Transcribe nothing except the lines below that run from the one with "大きなピークはある程度捉えら" to the one with "Com um ambiente", ends included, and do not copy any picture.

Records provided.
• • • •

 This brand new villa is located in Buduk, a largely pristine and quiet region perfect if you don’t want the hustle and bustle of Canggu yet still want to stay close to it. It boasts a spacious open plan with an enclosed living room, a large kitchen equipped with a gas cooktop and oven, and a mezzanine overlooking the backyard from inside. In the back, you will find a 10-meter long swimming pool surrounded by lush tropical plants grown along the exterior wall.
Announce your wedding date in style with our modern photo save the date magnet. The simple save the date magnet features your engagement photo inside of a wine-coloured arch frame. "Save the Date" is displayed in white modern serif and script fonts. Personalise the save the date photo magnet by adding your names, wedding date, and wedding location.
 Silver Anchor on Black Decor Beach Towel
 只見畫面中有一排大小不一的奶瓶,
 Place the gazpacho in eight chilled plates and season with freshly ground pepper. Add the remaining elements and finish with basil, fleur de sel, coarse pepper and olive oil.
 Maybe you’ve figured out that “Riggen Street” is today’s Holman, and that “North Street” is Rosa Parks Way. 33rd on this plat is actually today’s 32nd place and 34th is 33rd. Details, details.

• • • •

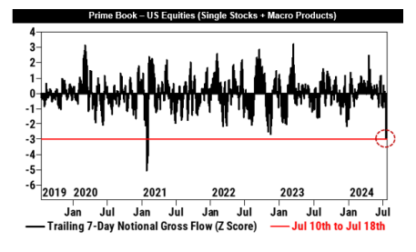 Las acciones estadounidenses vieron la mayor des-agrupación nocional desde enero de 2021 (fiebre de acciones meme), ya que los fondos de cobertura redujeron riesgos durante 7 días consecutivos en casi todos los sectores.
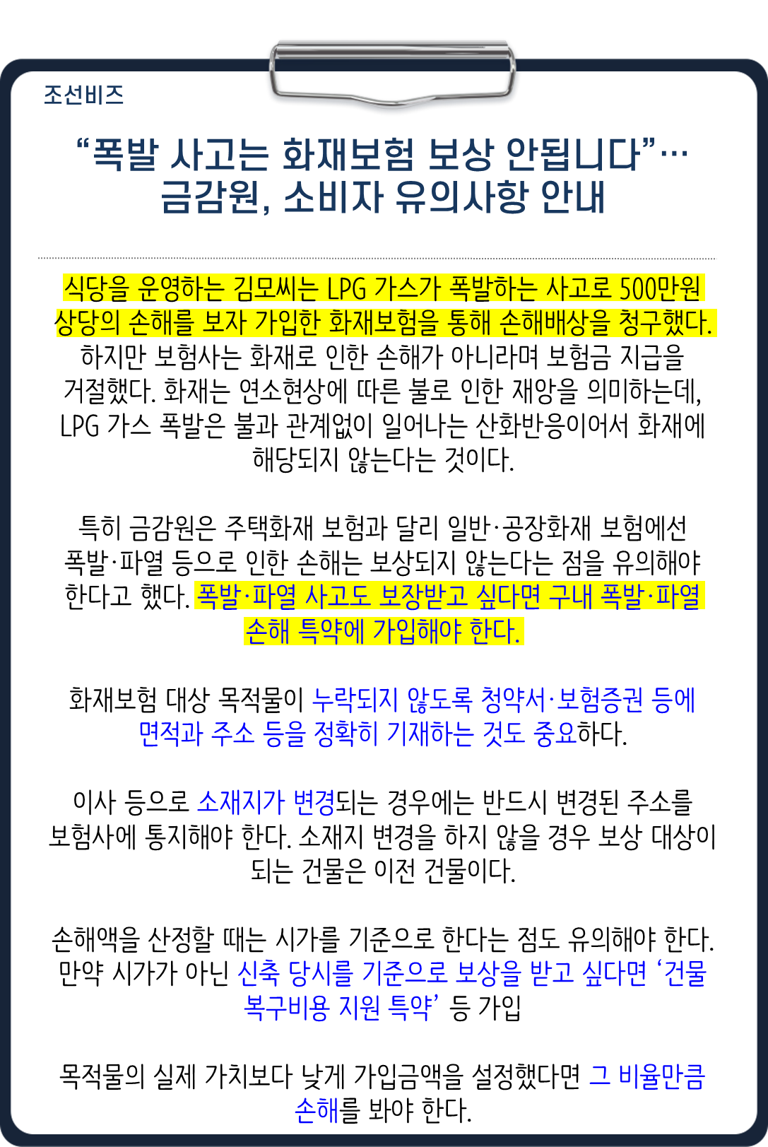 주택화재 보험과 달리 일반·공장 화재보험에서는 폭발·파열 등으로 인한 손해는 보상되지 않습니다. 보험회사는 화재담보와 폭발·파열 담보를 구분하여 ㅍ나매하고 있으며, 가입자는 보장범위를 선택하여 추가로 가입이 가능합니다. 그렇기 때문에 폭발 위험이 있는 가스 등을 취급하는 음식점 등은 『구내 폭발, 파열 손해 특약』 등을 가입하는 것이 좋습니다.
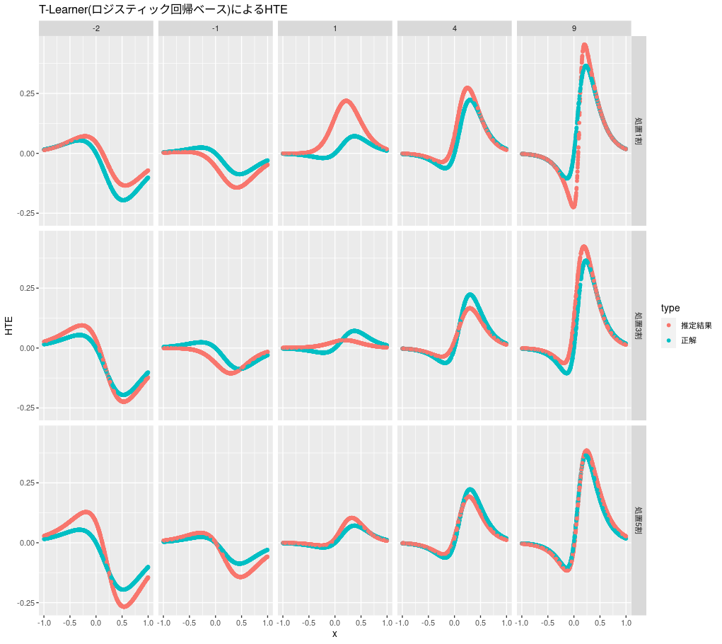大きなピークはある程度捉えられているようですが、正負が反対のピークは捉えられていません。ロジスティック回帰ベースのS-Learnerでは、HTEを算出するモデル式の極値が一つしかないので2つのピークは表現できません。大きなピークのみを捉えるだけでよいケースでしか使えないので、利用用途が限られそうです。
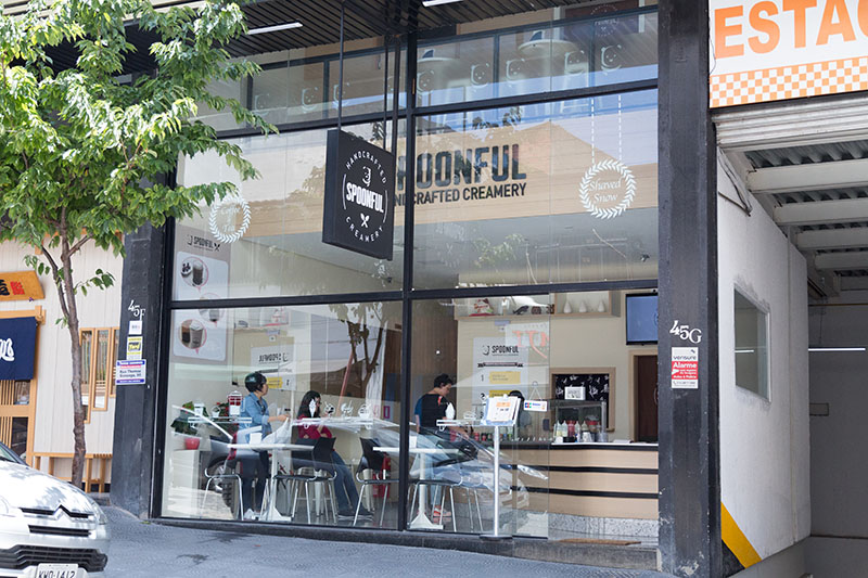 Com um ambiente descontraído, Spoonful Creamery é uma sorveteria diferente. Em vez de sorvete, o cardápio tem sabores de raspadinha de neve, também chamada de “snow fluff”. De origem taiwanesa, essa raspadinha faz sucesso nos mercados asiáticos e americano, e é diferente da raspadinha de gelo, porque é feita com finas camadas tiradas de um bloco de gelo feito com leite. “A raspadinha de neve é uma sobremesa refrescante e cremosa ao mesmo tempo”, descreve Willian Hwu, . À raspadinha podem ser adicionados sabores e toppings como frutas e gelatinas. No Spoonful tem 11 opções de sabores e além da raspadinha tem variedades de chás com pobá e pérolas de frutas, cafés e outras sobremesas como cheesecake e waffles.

• • • •

Task output.
大きなピークはある程度捉えられているようですが、正負が反対のピークは捉えられていません。ロジスティック回帰ベースのS-Learnerでは、HTEを算出するモデル式の極値が一つしかないので2つのピークは表現できません。大きなピークのみを捉えるだけでよいケースでしか使えないので、利用用途が限られそうです。
 Com um ambiente descontraído, Spoonful Creamery é uma sorveteria diferente. Em vez de sorvete, o cardápio tem sabores de raspadinha de neve, também chamada de “snow fluff”. De origem taiwanesa, essa raspadinha faz sucesso nos mercados asiáticos e americano, e é diferente da raspadinha de gelo, porque é feita com finas camadas tiradas de um bloco de gelo feito com leite. “A raspadinha de neve é uma sobremesa refrescante e cremosa ao mesmo tempo”, descreve Willian Hwu, . À raspadinha podem ser adicionados sabores e toppings como frutas e gelatinas. No Spoonful tem 11 opções de sabores e além da raspadinha tem variedades de chás com pobá e pérolas de frutas, cafés e outras sobremesas como cheesecake e waffles.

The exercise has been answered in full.